NVIDIA Kepler speculation thread

Latest as in the newest-plan-to-launch, or latest as in definitely-by-then?
A definitely-by-then. as long as nothing major pops up
I would put my money on a launch very similar to 6x00, when Barts came out 2 months before Cayman, only move the whole timeline up a month.
 
Last edited by a moderator:
Ah bummer I was hoping for the 600 series to be out by Christmas time. I definitely like seeing both competitor's products first before making a choice, so I hope Nvidia can do a paper launch or something and send out some engineering samples when AMD launches their cards so that some comparos can be done. I have been holding out on playing a lot of games just because I want to play them in DX 11 goodness!
 
Ah bummer I was hoping for the 600 series to be out by Christmas time. I definitely like seeing both competitor's products first before making a choice, so I hope Nvidia can do a paper launch or something and send out some engineering samples when AMD launches their cards so that some comparos can be done. I have been holding out on playing a lot of games just because I want to play them in DX 11 goodness!

But if there's a 6-month gap, as there was with Fermi, will the 600 series compete with Southern Islands or the generation after that?
 
Actually it was the other way around last time I heard about it - AMD/ATI paying for working chips only, while nV buys whole wafers

No idea if Harison is right about a supposed recent deal between NV and TSMC, but up to the recent past and always afaik neither AMD nor NVIDIA are paying per working chips or per wafer at TSMC in the strict sense. Both their contracts should be far more complicated and I doubt anyone but a few insiders have a complete and accurate picture about them.
 
keplerexascale8se2.png


Googlish

Of course, NVIDIA is a step forward towards the exa-scale, GPU generation, for example "Kepler" (Kepler, code-named), the "performance per watt, reached three times the ratio of Fermi" , and He is introduced in the form of complete Malachowsky. Data have been obtained at trial, that it might be a visible and can be obtained three times the power efficiency.

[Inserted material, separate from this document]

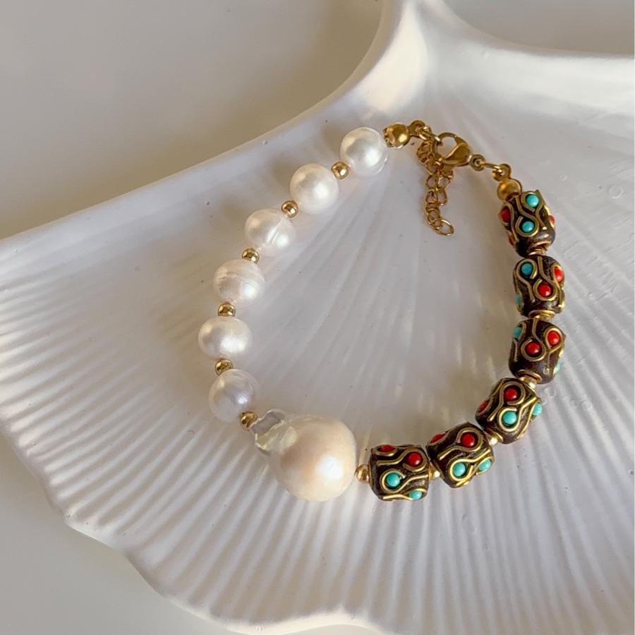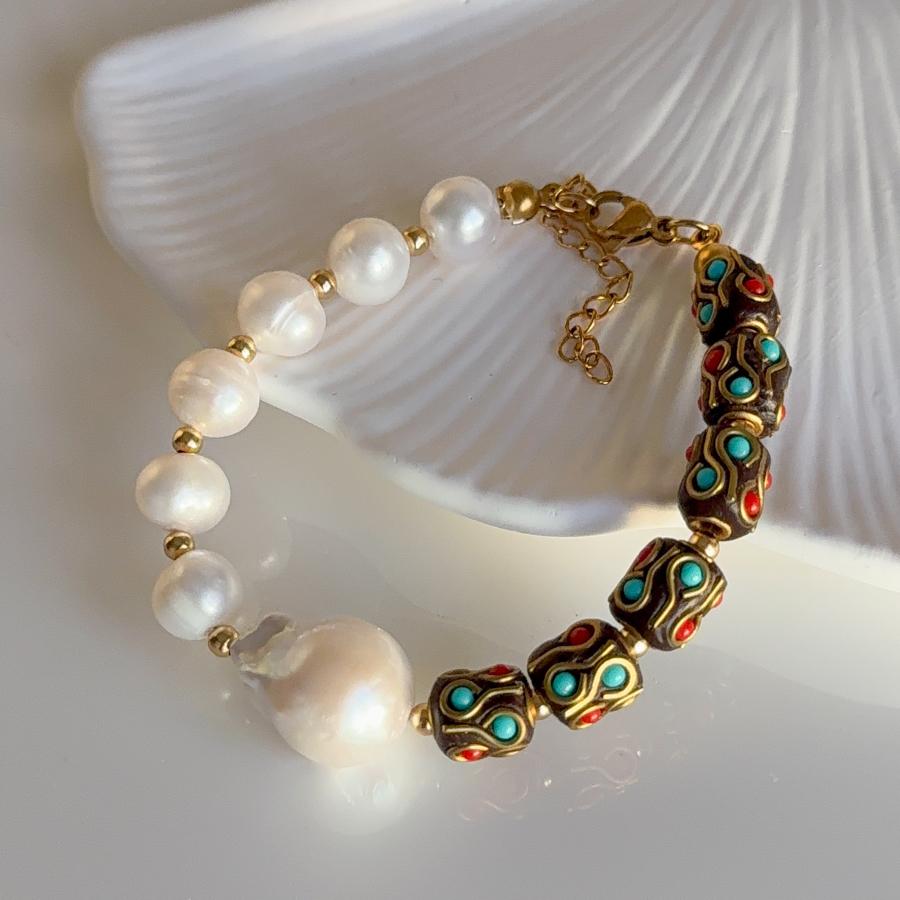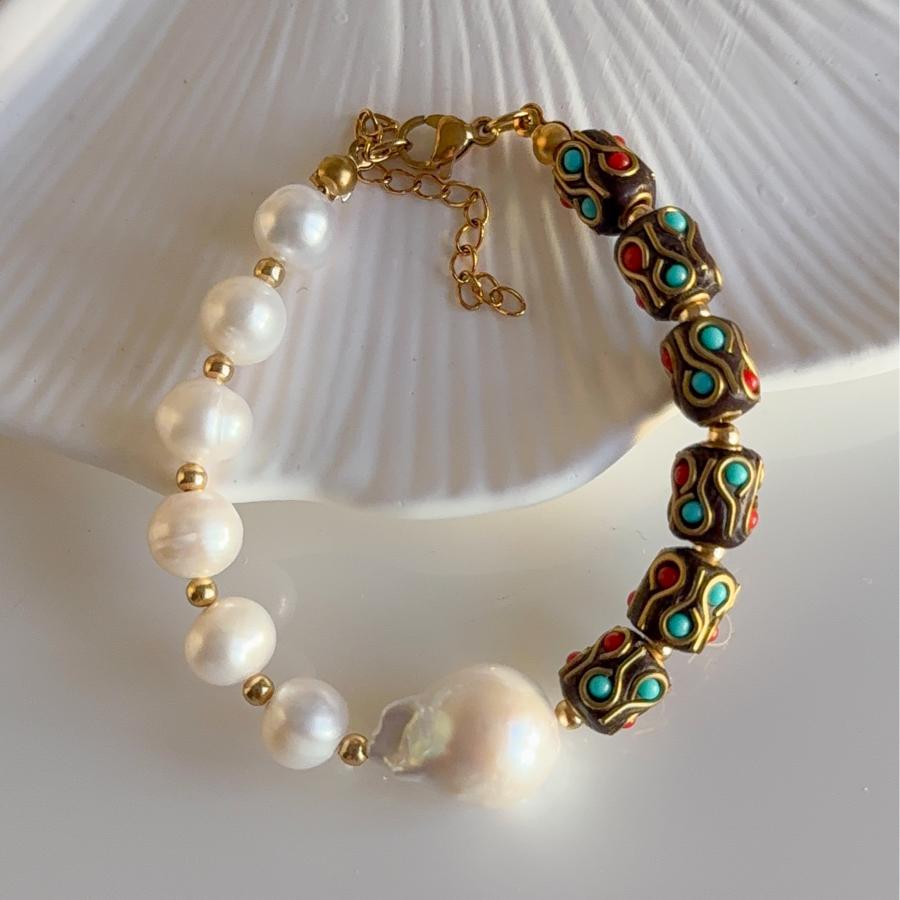 - Malzeme: Premium kalite tohum barok inci, yuvarlak inci ve materyali pirinç nepal boncuğu(üzerindeki boyama tamamen el boyamasıdır) kullanılarak tasarlanmıştır.
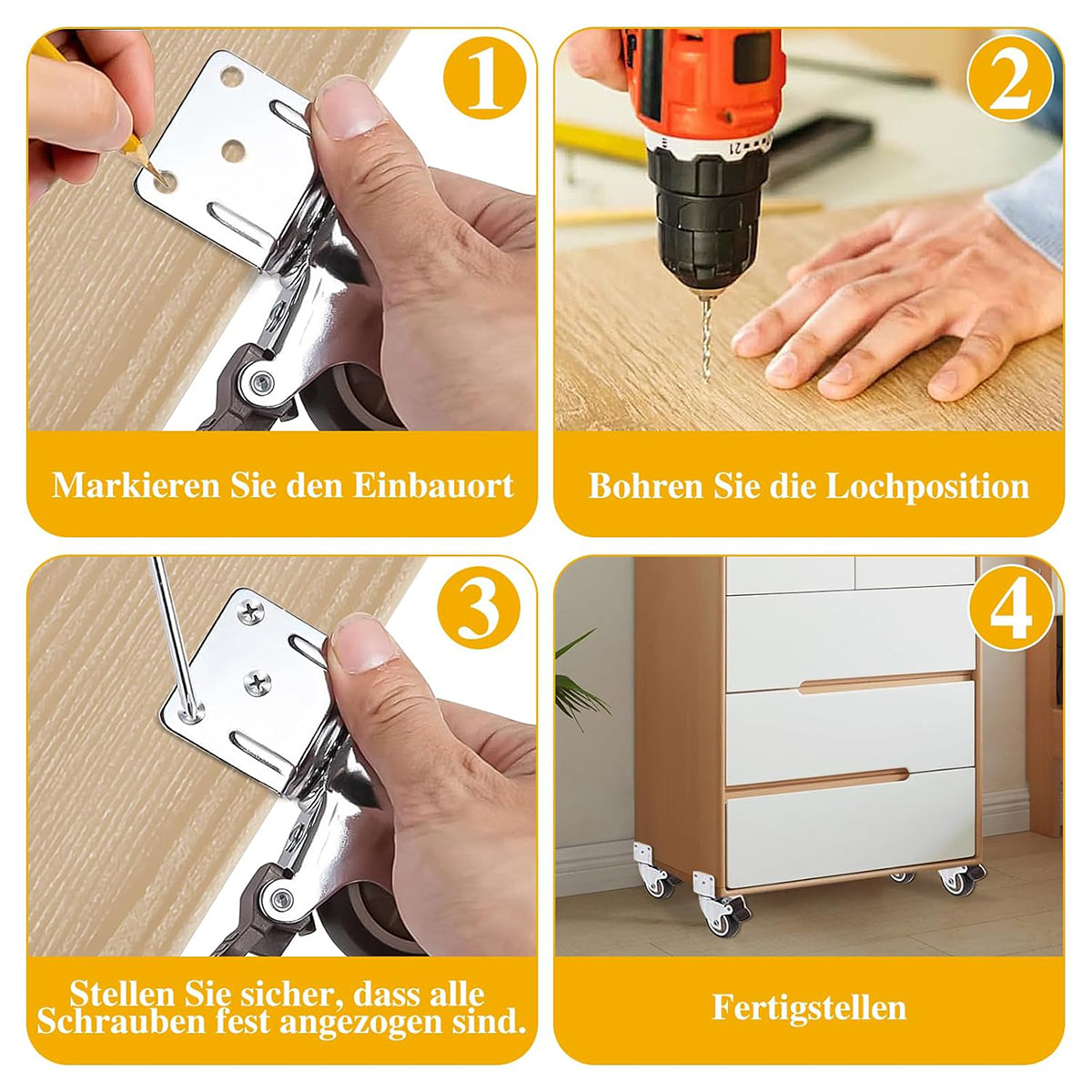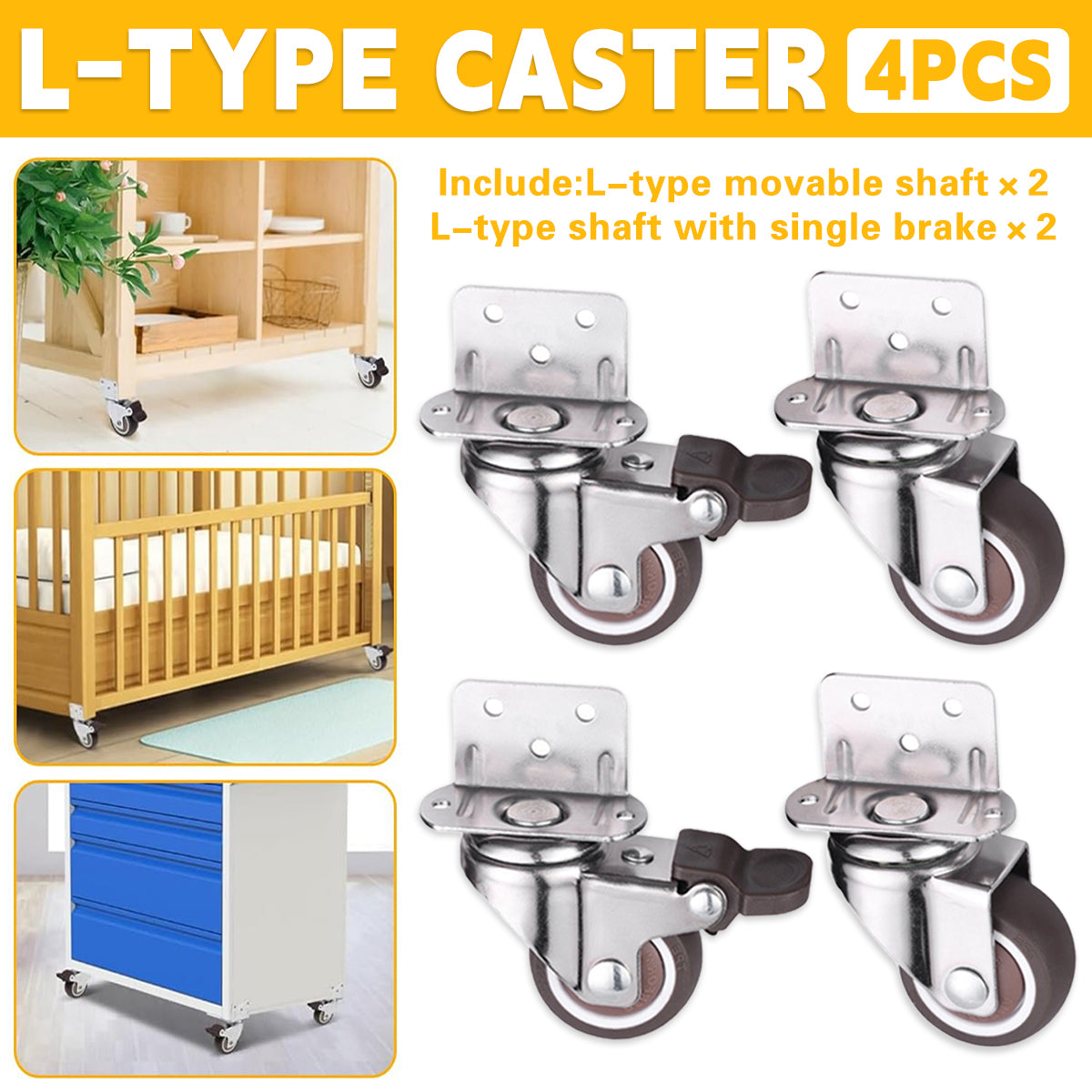 L Type Furniture Casters 4pcs 90-Degree Right Angle Small Wheel Furniture Wheels

 However, Kepler is mostly in power efficiency, he said that due process technology 28nm. Mr. Malachowsky the "improvement of the process as there will, ultimately, electronic circuits, that will depend on the power architecture," words followed, and only process technology computer Exa-scale can not be achieved suggest was.  He said, "Hierarchy and I / O interconnect for computing unit, the software will require further improvements before." Down to how to improve the踏Mi込Manakatta Specifically, will the next generation of GPU and Kepler "Maxwell" (Maxwell, code-named), the major point that becomes the point mentioned by Mr. Malachowsky Maybe it's that.

GTC Workshop Japan

http://www.4gamer.net/games/120/G012093/20110722064/
 
Last edited by a moderator:
Typical marketing slide - look how close to the target they already are, only a few pixels! And so early too. ;)

If they want to match the perf/watt Kepler Target, then it looks like they will have to implement full rate FP64 already, as that will be reltively cheapest transistor wise.
 
I am wondering: If you have all the basics set (distributed geometry processing, unified memory space, high performance gather/scatter and so on), are fixing some of the shortcomings of your arch (narrow path between shader core and ROPs [which I am still inclined to view as an artificial limitation in order to keep power in check and you'd need double the data width for single cycle FP64 anyway]) and you go FP64 single cycle all the way - taken for granted that this is the cheapest way, wouldn't it also be one of the possible best inflection points to get rid of some of the fixed function hardware?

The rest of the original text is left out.